Same-sex couples across Alabama began marrying this morning, after the Supreme Court refused to put on hold a ruling by a federal judge invalidating the state’s ban on same-sex marriage. The high court’s move makes Alabama the 37th state where gay unions are legal.
But Roy Moore, the state’s chief justice, won’t go down without a fight. A handful of probate judges in the state are abiding by a last-ditch letter Moore fired off Sunday night ordering them to follow state law and deny marriage licenses to same-sex couples. The Southern Poverty Law Center, which last month filed an ethics complaint against Moore for his defiance of the federal court order, noted at least one court is heeding Moore’s directive as if it carried the force of law:
Couple in Tuscaloosa County denied license, handed copy of Roy Moore's order instead. #ALMarriage— SPLC (@splcenter) February 9, 2015
But Alabama Attorney General Luther Strange, who led Governor Robert Bentley’s bid to the Supreme Court to put a temporary hold on gay weddings, said in a statement he regretted the justices’ decision not to intervene, and said he expected “more confusion” in the months leading up to a final pronouncement on the constitutionality of same-sex marriage. In contrast to Moore, Strange recognized that U.S. District Judge Callie Granade’s order striking down the Alabama ban effectively prevented him from enforcing it. And perhaps sensing the probate judges were setting a dangerous precedent in standing with Moore, Strange counseled them “to talk to their attorneys.”
It’s not immediately clear what fallout lies ahead for Moore, but Granade left the door open in one of her rulings to allow same-sex couples who are denied licenses by noncompliant probate judges to intervene in federal court. Christine Hernandez, the attorney representing Cari Searcy, one of the plaintiffs challenging the Alabama ban, filed a motion in federal court seeking to hold Don Davis, a judge in Mobile County Probate Court, in contempt for not opening the marriage licensing division of his courthouse.

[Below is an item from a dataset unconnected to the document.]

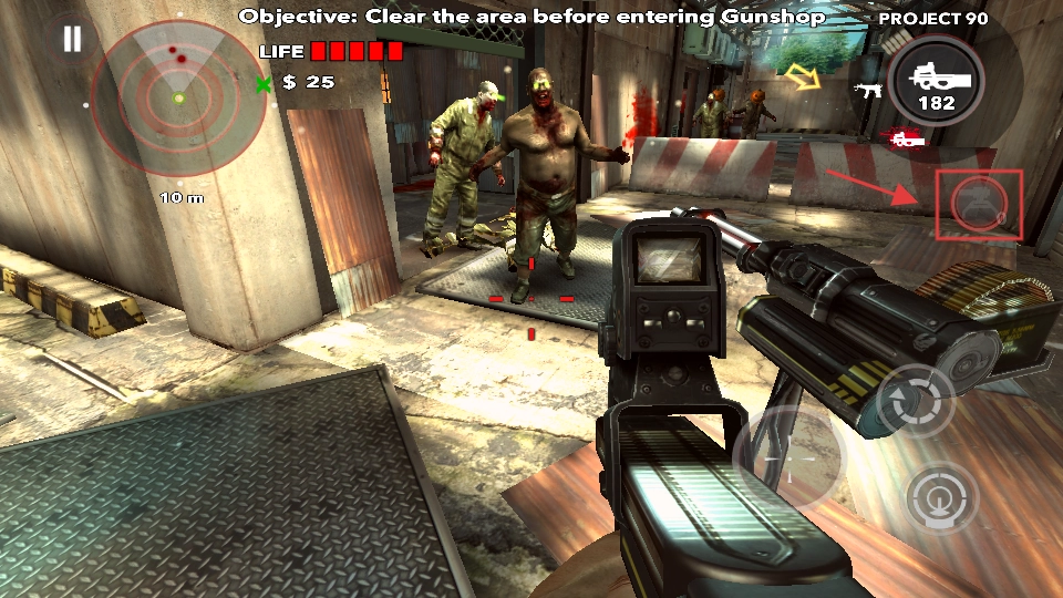 优先攻击胖丧尸这类强力敌人,点击道具图标就能释放群攻道具,在清空【Objective-CleartheareabeforeenteringGunshop】区域后即可进入枪店。

Moore, for his part, appeared to warn judges under his watch that not following his order could lead the state to impose sanctions on them.
Meanwhile, at the U.S. Supreme Court, Associate Justice Clarence Thomas—who oversees emergency requests from Alabama—strongly dissented from his colleagues’ refusal to stop same-sex weddings in the state. Joined by Justice Antonin Scalia, Thomas took issue with the court’s seeming inconsistency in choosing which same-sex marriage requests to put on hold, pointing out that the court had already done so twice in cases presenting similar circumstances. “Those decisions reflected the appropriate respect we owe to States as sovereigns and to the people of those States who approved those laws,” he wrote.
But Thomas went a step further. Noting the importance of preserving “the status quo” in a state otherwise unaffected by United States v. Windsor—which in 2013 voided the federal Defense of Marriage Act—the justice wrote that the court’s failure to intervene in Alabama portends how it may rule on the issue of same-sex marriage: “This acquiescence may well be seen as a signal of the Court’s intended resolution of that question.” Thomas closed his opinion by blasting the court’s “increasingly cavalier attitude toward the States,” and added he “would have shown the people of Alabama the respect they deserve” until the court rules definitively on whether the Constitution compels states to recognize same-sex marriages.
In a statement Monday, Governor Bentley sided with that dissenting opinion and declared that he won't take action against probate judges who refuse to issue marriage licenses. "We will follow the rule of law in Alabama, and allow the issue of same sex marriage to be worked out through the proper legal channels," he said.
Today’s flurry of activity is a harbinger of Obergefell v. Hodges, the case the Supreme Court will be deciding come June. For one, it’s indicative of the tension that still exists between a recognition of same-sex marriage under the Constitution’s promise of due process and equal protection of the laws, and the states’ sovereignty to order their own affairs with respect to marriage and family laws. Without a clear ruling on whether these two interests can be reconciled—or if one necessarily must give way to the other—the chaos Moore has wrought in Alabama is only the beginning. Because even if the Supreme Court rules same-sex couples have a right to marry, who’s to say the states don’t have a right to step up the culture wars in other ways? A jurisprudence of doubt is all you need for more problems down the road.